* Task details
Copy exactly the lines of the material below that fall between the line with "Pochette en tissu" and the line with "それぞれ班に分かれて,自分た", both of those lines included; pictures stay out.

* Data to examine
———

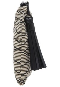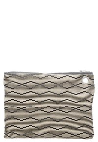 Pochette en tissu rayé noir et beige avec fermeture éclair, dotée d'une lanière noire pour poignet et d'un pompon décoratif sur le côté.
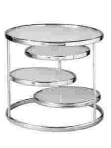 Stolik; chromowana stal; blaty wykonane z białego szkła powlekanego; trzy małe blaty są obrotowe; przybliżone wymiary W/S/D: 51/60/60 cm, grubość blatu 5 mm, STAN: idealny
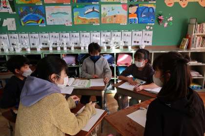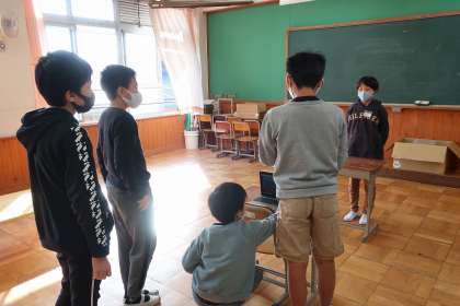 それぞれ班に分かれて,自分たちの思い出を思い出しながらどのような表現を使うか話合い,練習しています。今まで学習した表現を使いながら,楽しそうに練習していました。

———

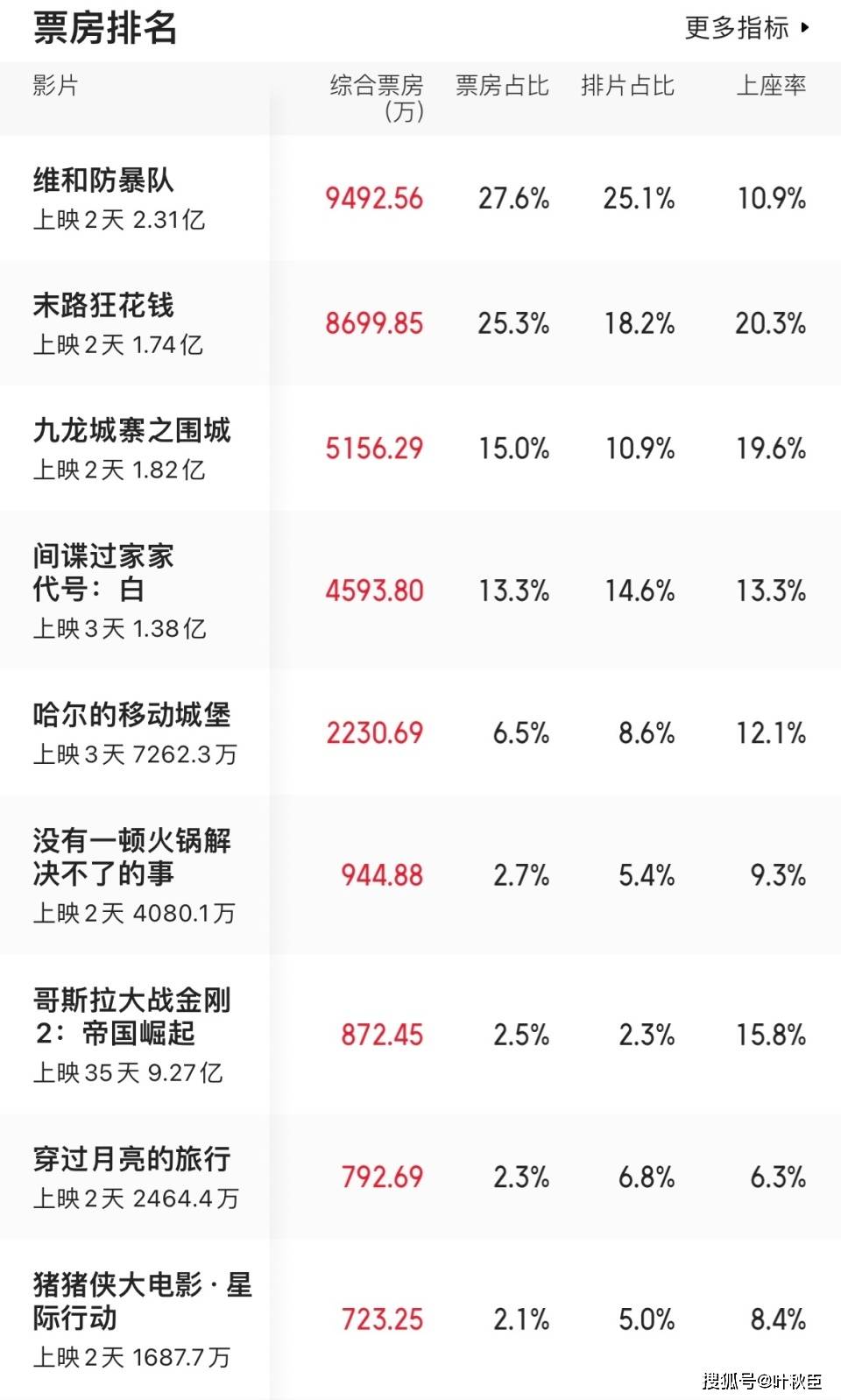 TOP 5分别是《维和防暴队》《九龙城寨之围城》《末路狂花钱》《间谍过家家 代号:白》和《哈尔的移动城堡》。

———

* Response
 Pochette en tissu rayé noir et beige avec fermeture éclair, dotée d'une lanière noire pour poignet et d'un pompon décoratif sur le côté.
 Stolik; chromowana stal; blaty wykonane z białego szkła powlekanego; trzy małe blaty są obrotowe; przybliżone wymiary W/S/D: 51/60/60 cm, grubość blatu 5 mm, STAN: idealny
 それぞれ班に分かれて,自分たちの思い出を思い出しながらどのような表現を使うか話合い,練習しています。今まで学習した表現を使いながら,楽しそうに練習していました。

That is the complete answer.